Cations play a critical role in electrochemical reactions by modulating interfacial electric fields, stabilizing reaction intermediates, and influencing local pH and reactant concentrations. Their size, charge density, and hydration strength determine their impact. Cations also govern the double-layer structure, proton/water dynamics, and catalyst stability, making their selection pivotal for optimizing activity and selectivity in both acidic and alkaline media. Small and/or highly charged cations like Li⁺ and Mg²⁺ perform exceptionally well in reactions requiring a precise water layer organization, particularly in the alkaline OER, where they help stabilize critical *OOH intermediates. Their larger counterparts (K⁺ and Cs⁺) prove more effective for the HER in alkaline solutions by disrupting water’s H-bonds to speed up dissociation while also improving CO₂ conversion (in the CO₂RR) through interfacial CO₂ accumulation. Although compact cations can aid in supplying protons for the CO₂RR in neutral/alkaline environments, they unfortunately intensify the competing HER under acidic conditions. The strategic choice of cations thus becomes paramount. Smaller cations control the OER and pH-dependent processes, while larger cations excel in the HER and CO₂RR by manipulating interface chemistry. This size-dependent behavior creates distinct optimization pathways for different electrochemical systems, with alkaline media generally favoring larger ions for water-splitting and gas-phase reactions. A comprehensive review by Ringe highlights that cations disrupt H-bonds of both surface-adsorbed water and the OHP by reorganizing surrounding water molecules. Importantly, the effects of cations are intrinsically linked to pH, as both phenomena depend on cation accumulation at the interface. However, the specific impact and mechanism of cations vary significantly with the experimental conditions, including pH, electrode oxophilicity, applied potential, as well as the rate-determining step and proton source involved in the reaction [273]. Moreover, as demonstrated by Goyal et al., cations can selectively enhance HER activity at Pt step sites while minimally affecting terraces, underscoring the need for precise control over the catalyst structure and electrolyte composition to optimize performance [274].
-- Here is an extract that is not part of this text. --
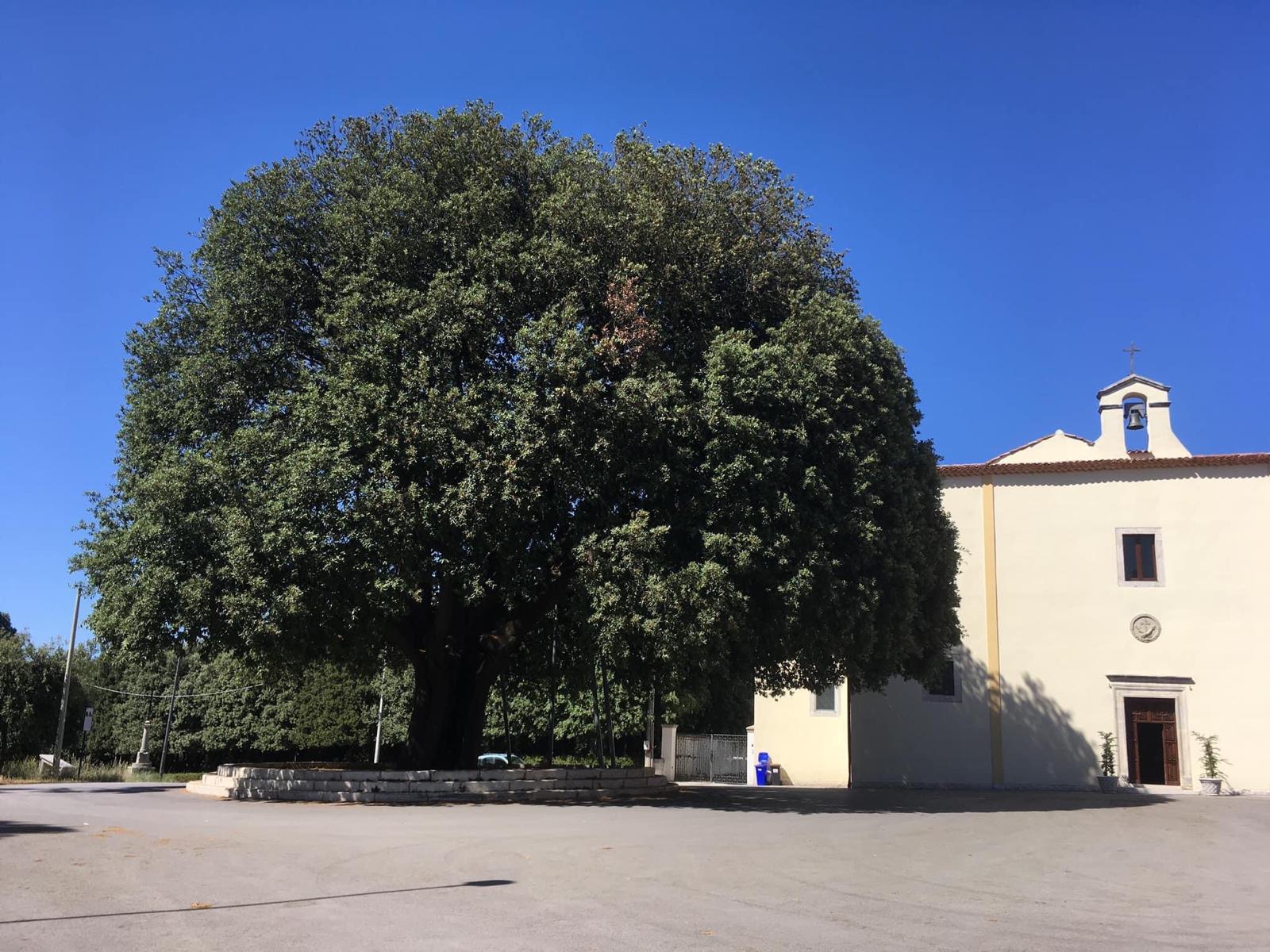 "Fra Nicola da Vico del Gargano , cappuccino , avendo trovato una piccola pianta di elce vicino a un abbeveratoio, la trapiantò al centro del piazzale del convento facendola benedire dal padre guardiano. Non si conosce la data esatta del fatto ; si sa, tuttavia, che Fra Nicola morì nel 1719 in età avanzata. Si può dedurre quindi che il leccio abbia circa tre secoli di vita. Il tronco misura quasi cinque metri di circonferenza e la chioma ha più volte raggiunto i cinquanta metri . Nel 1934 , a causa della neve e di una forte tempesta , cadde un grosso ramo che lasciò nell'albero un ampio vuoto tuttora visibile. Fu allora necessario imbrigliare i rami con grossi tiranti di ferro. L'Amministrazione comunale, allo scopo di preservare per il futuro questo esemplare unico, nell'ottobre del 1995, avvalendosi del Prof. Alessandro Chiusoli dell'Università di Bologna , provvedeva a nuova sistemazione .

Electrolyte anions play a role in electrocatalysis by directly interacting with the electrode surface and influencing the EDL. Specific anions can either hinder reactions like the HER and ORR by blocking active sites (e.g., SO₄²⁻ and Cl⁻) or enhance performance by reducing competitive adsorption (e.g., ClO₄⁻). In alkaline media, anions affect catalyst stability and hydroxide availability for the OER and HER, while in the CO₂RR, anions such as HCO₃⁻ and halides (Br⁻ and I⁻) can modulate the local pH and catalyst morphology to favor specific products. Moreover, electrolyte ions significantly affect reaction outcomes not only by influencing the stability of transition states but also by the availability of key reactants like protons. The Biddinger group [275] showed that hydrophobic anions (TFSI⁻) can suppress the HER in CO₂ reduction by limiting water transport, while hydrophilic anions (C₂N₃⁻) promote it. Likewise, it was demonstrated that concentrated salt solutions reduce water activity, suppressing the HER and enhancing C₂₊ product selectivity in CO₂ reduction, highlighting the importance of ion–solvent interactions [276]. A recent review by the Hall group emphasizes a growing focus on the intricate electrochemical interface formed by the dynamic interactions between the electrode and electrolyte components, including solvents, ionomers, and ions. This interface is further modulated by both inherent and externally applied electric fields, highlighting the complexity of explaining the effect of anions on electrochemical systems [277]. Yoo et al. [278] demonstrated that anions play a crucial role in determining the selectivity and activity of electrochemical CO₂RR on Au catalysts, with weakly adsorbing anions like propionate enabling optimal CO₂ reduction kinetics and near 100% FE for CO production. Their combined experimental and computational approach revealed that the free energy of anion physisorption serves as a key descriptor, where minimal anion adsorption enhances reaction performance despite the electrode’s negative charge. These findings highlight the importance of carefully selecting anions in aqueous electrolytes to maximize electrocatalytic CO₂RR efficiency.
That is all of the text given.